**What the task asks**:
Please reproduce, exactly as given, the lines running from the start of the data to the line containing "Chciałbym bardzo podziękować", inclusive, and omit the pictures.

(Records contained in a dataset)
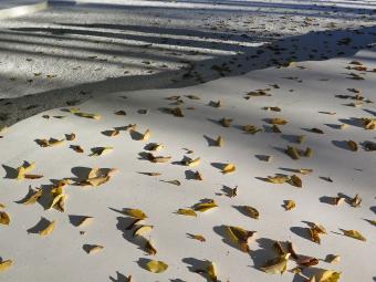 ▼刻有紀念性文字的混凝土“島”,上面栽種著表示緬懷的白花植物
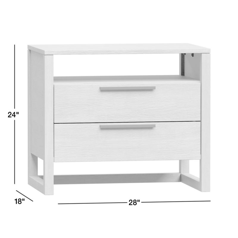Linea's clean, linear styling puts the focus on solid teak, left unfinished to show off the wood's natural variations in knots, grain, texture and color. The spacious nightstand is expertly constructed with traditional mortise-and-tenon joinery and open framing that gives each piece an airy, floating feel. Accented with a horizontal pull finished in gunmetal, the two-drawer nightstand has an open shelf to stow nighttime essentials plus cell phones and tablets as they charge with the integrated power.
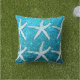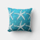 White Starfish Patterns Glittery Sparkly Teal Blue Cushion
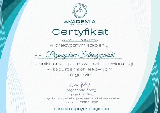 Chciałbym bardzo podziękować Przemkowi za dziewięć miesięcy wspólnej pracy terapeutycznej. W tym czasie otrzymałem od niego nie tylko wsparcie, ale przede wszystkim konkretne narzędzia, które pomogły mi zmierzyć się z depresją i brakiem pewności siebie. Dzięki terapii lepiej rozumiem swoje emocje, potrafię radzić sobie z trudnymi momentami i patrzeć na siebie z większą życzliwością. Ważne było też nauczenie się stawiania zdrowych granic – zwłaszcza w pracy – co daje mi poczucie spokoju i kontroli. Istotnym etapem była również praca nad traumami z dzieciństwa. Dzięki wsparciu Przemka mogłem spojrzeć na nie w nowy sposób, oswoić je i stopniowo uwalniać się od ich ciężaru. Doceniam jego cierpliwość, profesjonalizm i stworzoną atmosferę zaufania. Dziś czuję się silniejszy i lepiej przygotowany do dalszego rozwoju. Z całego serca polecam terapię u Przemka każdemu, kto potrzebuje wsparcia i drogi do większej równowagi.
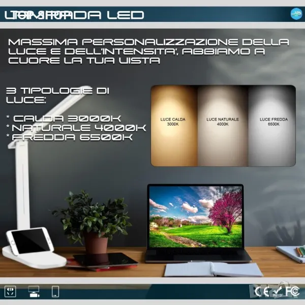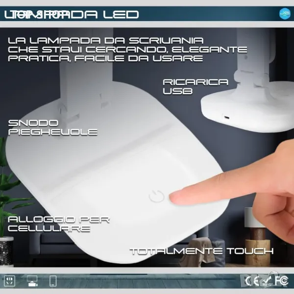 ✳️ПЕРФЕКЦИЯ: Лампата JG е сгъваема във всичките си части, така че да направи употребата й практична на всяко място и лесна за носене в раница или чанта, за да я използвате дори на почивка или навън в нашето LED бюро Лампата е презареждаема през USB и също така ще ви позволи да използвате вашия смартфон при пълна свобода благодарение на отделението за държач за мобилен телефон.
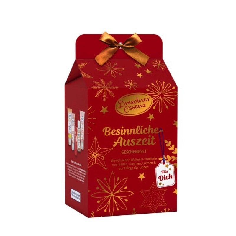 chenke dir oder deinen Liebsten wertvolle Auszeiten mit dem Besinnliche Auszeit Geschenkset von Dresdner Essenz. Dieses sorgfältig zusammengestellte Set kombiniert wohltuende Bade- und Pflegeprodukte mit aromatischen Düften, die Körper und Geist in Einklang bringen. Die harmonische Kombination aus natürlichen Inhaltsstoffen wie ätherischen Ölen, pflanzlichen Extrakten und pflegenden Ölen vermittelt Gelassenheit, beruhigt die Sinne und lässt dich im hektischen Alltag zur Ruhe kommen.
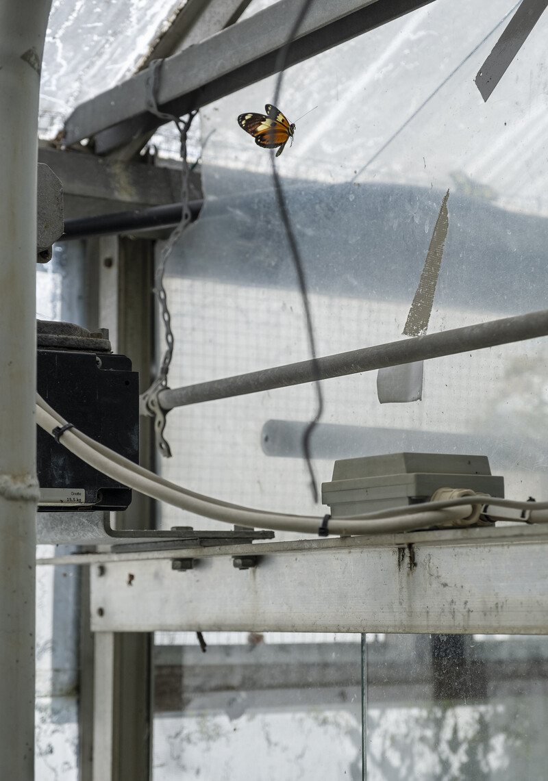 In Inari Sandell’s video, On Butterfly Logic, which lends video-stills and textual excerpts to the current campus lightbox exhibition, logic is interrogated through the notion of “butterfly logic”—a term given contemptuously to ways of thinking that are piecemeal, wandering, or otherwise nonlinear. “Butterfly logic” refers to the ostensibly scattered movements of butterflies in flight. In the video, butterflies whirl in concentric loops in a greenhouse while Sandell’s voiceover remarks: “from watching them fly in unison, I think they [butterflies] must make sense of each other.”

**Answer section**:
 ▼刻有紀念性文字的混凝土“島”,上面栽種著表示緬懷的白花植物
Linea's clean, linear styling puts the focus on solid teak, left unfinished to show off the wood's natural variations in knots, grain, texture and color. The spacious nightstand is expertly constructed with traditional mortise-and-tenon joinery and open framing that gives each piece an airy, floating feel. Accented with a horizontal pull finished in gunmetal, the two-drawer nightstand has an open shelf to stow nighttime essentials plus cell phones and tablets as they charge with the integrated power.
 White Starfish Patterns Glittery Sparkly Teal Blue Cushion
 Chciałbym bardzo podziękować Przemkowi za dziewięć miesięcy wspólnej pracy terapeutycznej. W tym czasie otrzymałem od niego nie tylko wsparcie, ale przede wszystkim konkretne narzędzia, które pomogły mi zmierzyć się z depresją i brakiem pewności siebie. Dzięki terapii lepiej rozumiem swoje emocje, potrafię radzić sobie z trudnymi momentami i patrzeć na siebie z większą życzliwością. Ważne było też nauczenie się stawiania zdrowych granic – zwłaszcza w pracy – co daje mi poczucie spokoju i kontroli. Istotnym etapem była również praca nad traumami z dzieciństwa. Dzięki wsparciu Przemka mogłem spojrzeć na nie w nowy sposób, oswoić je i stopniowo uwalniać się od ich ciężaru. Doceniam jego cierpliwość, profesjonalizm i stworzoną atmosferę zaufania. Dziś czuję się silniejszy i lepiej przygotowany do dalszego rozwoju. Z całego serca polecam terapię u Przemka każdemu, kto potrzebuje wsparcia i drogi do większej równowagi.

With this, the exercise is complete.